__DESCRIPTION OF THE TASK__
Type out the complete listing below word for word, without its pictures.

__COLLECTED DATA__
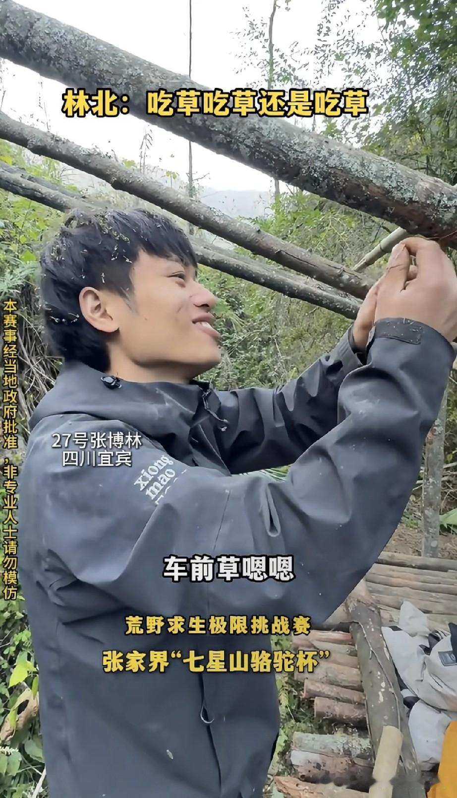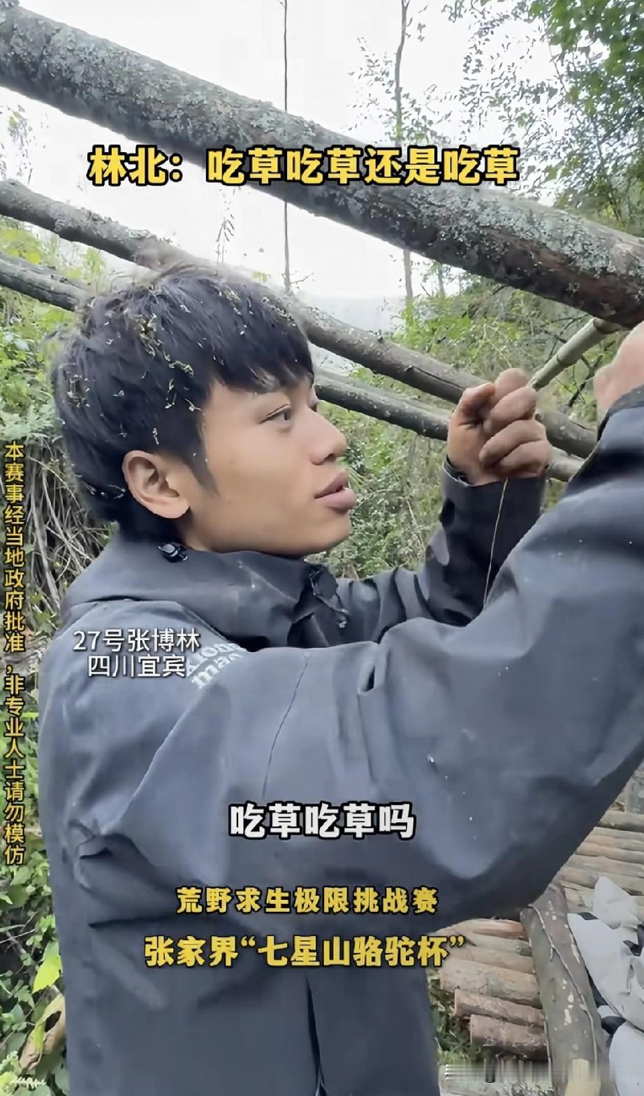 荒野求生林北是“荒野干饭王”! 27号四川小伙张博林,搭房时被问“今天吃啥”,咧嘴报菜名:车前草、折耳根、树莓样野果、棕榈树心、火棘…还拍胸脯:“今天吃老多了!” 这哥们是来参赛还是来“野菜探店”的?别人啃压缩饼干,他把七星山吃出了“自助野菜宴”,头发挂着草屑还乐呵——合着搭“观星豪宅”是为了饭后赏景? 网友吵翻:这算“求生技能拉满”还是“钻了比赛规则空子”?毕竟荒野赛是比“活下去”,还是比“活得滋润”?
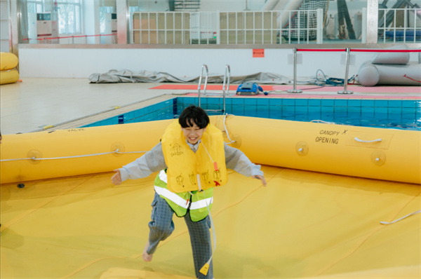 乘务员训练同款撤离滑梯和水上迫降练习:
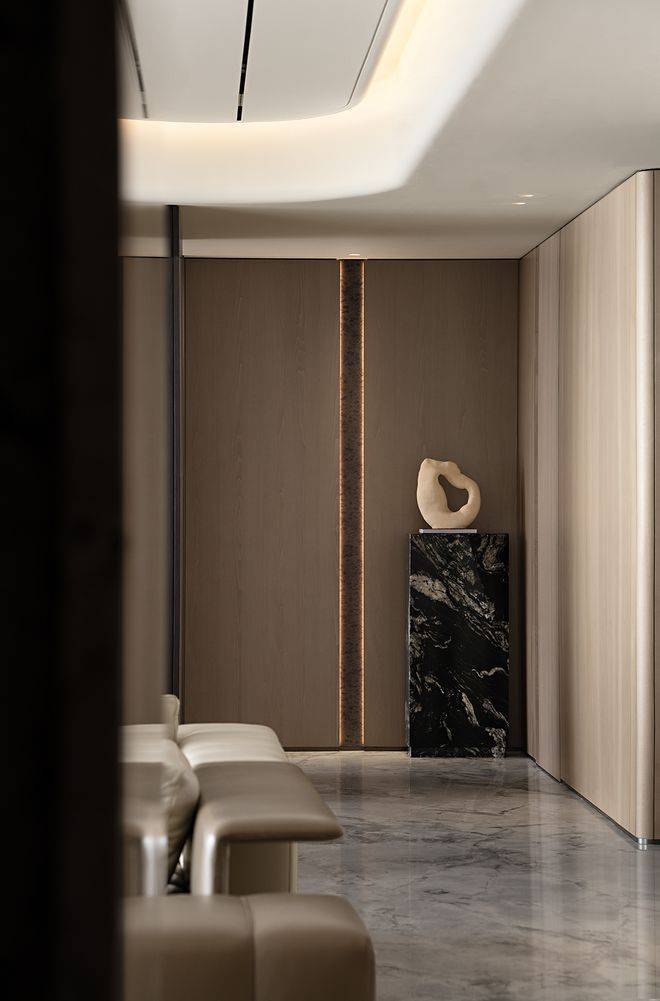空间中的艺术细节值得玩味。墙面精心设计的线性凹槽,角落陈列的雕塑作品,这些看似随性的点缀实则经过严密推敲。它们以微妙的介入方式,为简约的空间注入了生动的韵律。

__RESPONSE AREA__
 荒野求生林北是“荒野干饭王”! 27号四川小伙张博林,搭房时被问“今天吃啥”,咧嘴报菜名:车前草、折耳根、树莓样野果、棕榈树心、火棘…还拍胸脯:“今天吃老多了!” 这哥们是来参赛还是来“野菜探店”的?别人啃压缩饼干,他把七星山吃出了“自助野菜宴”,头发挂着草屑还乐呵——合着搭“观星豪宅”是为了饭后赏景? 网友吵翻:这算“求生技能拉满”还是“钻了比赛规则空子”?毕竟荒野赛是比“活下去”,还是比“活得滋润”?
 乘务员训练同款撤离滑梯和水上迫降练习:
空间中的艺术细节值得玩味。墙面精心设计的线性凹槽,角落陈列的雕塑作品,这些看似随性的点缀实则经过严密推敲。它们以微妙的介入方式,为简约的空间注入了生动的韵律。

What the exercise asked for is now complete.